算数、数学の類は大嫌いだ。夏休みの宿題で算数のドリルが一番不愉快だった。
数学の問題を解きながら、こんなことは世の中に出てどんな役にたつのかなと、ふて腐れて思ったものだ。三角関数ぐらいなら許せるが、虚数というのは実際に使うようなことはないのだろうと推測したが、あれから半世紀生きてきたが案の定使わなかった。算数は役に立たないと思ったが国語はなんとなく役にたちそうな気がしていた。文学というものを理解するのに有用じゃないかと直感したのだ。

私の今教えている大学についての記事を検索していたら、文学部って何の役に立つんですか、というスレというものが立っていて、同学部の学生や院生と思しき人たちがあれこれ議論していた。それによると、中学の頃私が考えた数学は役に立たないけど国語は役立つという議論とは正反対の論調があった。どうやらこの問題を提起した学生(と思われる)は、理学部や工学部の教えていることは社会に役に立ちそうだが、文学部にはそういうものがないのではと考えたことから始まったようだ。この問いを受けての学生らの意見が面白い。
その例を紹介する――
ア、個々のケースを見れば、役に立つものもあれば、役に立たないものもある。
イ、大学の学問はほとんど実業に役立つものではない。
ウ、海外からの文学(小説等)の紹介者は大概大学教授である。
エ、文学部はその国の文化レベルの高さを他の国に示すためにある。いわば、外交上の理由(歴史、哲学などがまとまっていない国は文化レベルが低いと見られる)。
オ、文学部はなんだかすごい難解なことに悩む人をまとめて収容する救済機関。
カ、面白いから存在する。
キ、自殺に役立つ。
ク、文学研究が思想史をひっくり返すことはままある。
ケ、やりたいことをやる、そのために大学に来たんやろ?
コ、税金の使い道考えてきたわけやないやろ。
サ、文学部がなかったら、中央食堂が男臭くなる。
シ、どうして役に立つ必要があるのか。役に立つ必要はない。

オ、の意見がおかしい。人生不可解なりと悩みぬく人種が集まっているという意味か。こういう人らはキ、のように自殺に向かうというわけか。この大学はかつての国立大学だから税金が投入されているから、それに見合う成果を大学はもたなければならないと生真面目に考えている意見もある。

一方、文学部で教える側は役に立つ立たないにかかわらず、実に快適な空間と謳歌している御仁もいる。これは他大学で哲学というあまり役に立たなさそうな学問を教えている中島義道電通大教授がその人だ。

《学生のころから、私は大学教師になりたかった。
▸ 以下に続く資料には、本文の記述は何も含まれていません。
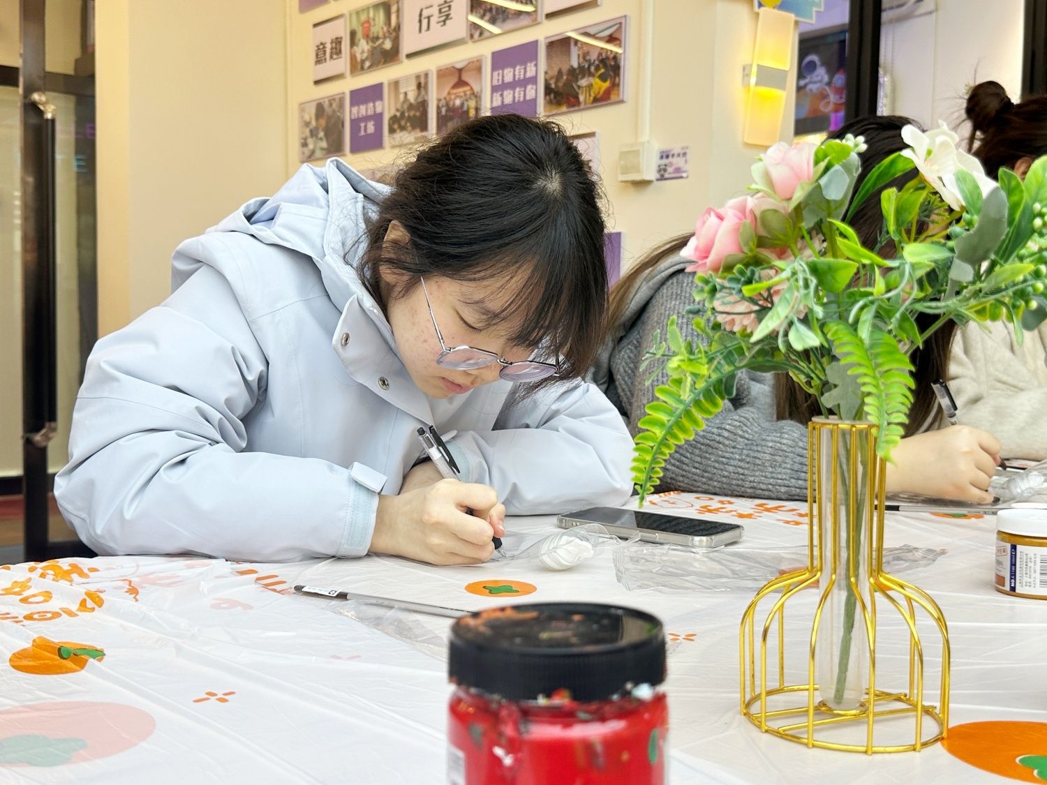 霜降时节,三达书院于书院意空间开展给生活加点仪式感(第6期)——迎霜降节气,画满枝柿暖活动。10月22日13:00-15:00,同学们在发展导师武紫东的节气课堂中,了解霜降知识与习俗。大家在暖水袋上手绘象征“事事如意”的红柿图案,武老师将绘画步骤分解为勾勒、上色、点缀,同学们或书写祝福、或构绘温馨场景,在创作中践行传统节气仪式。活动尾声,武老师与学生代表将手绘暖水袋送至书院社区,让这份手作温暖传递“家文化”。同学们在活动中既触摸到传统节气韵味,又真切感受到书院的陪伴与关怀,书院也将持续策划富有仪式感的特色活动,打造温情成长港湾。

それは自分の好きなことをまっとうでき、かつ世間的に尊敬される職業だからである。とりわけ、私の専門の「哲学」においては、哲学をするだけで給料を払ってくれる職業はほとんど大学教師しかない。》
給料は安いがいいことだらけだと先生は語る。
《自分で自由に使える時間が充分あるから。週に4~5コマ(1コマ90分)の授業をこなし、月に2~3度の会議をこなせば、あとの時間はほぼ完全に自由に使える。そのうえ、夏休みと春休みはそれぞれ2ヶ月ある。こんなに暇な職業はないんじゃないかなあ。》

大学が違うが、それでも教えるほうは概ねこういう気持ちではないかな。つまり、学生諸君が悩むほど、先生がたは文学部という存在を疑っておらず、あっけらかんと突き抜けているのではと”安心”もする。 
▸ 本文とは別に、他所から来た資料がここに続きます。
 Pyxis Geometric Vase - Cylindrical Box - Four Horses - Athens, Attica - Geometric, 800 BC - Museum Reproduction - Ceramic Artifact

ただし哲学の語源「知を愛する」ということに触れて中島教授はこんなことも書いている。
《(知を愛する)という態度は、真理を他のなにかのため(例えば社会的な力を得るため、金持ちになるため、幸せになるため)に求めるのでなく、真理であるゆえに求めるという態度である。》

文学部って何の役にたつのですかという問いに対する私の答えも、この中島先生の意見にかなり近いかなと思う。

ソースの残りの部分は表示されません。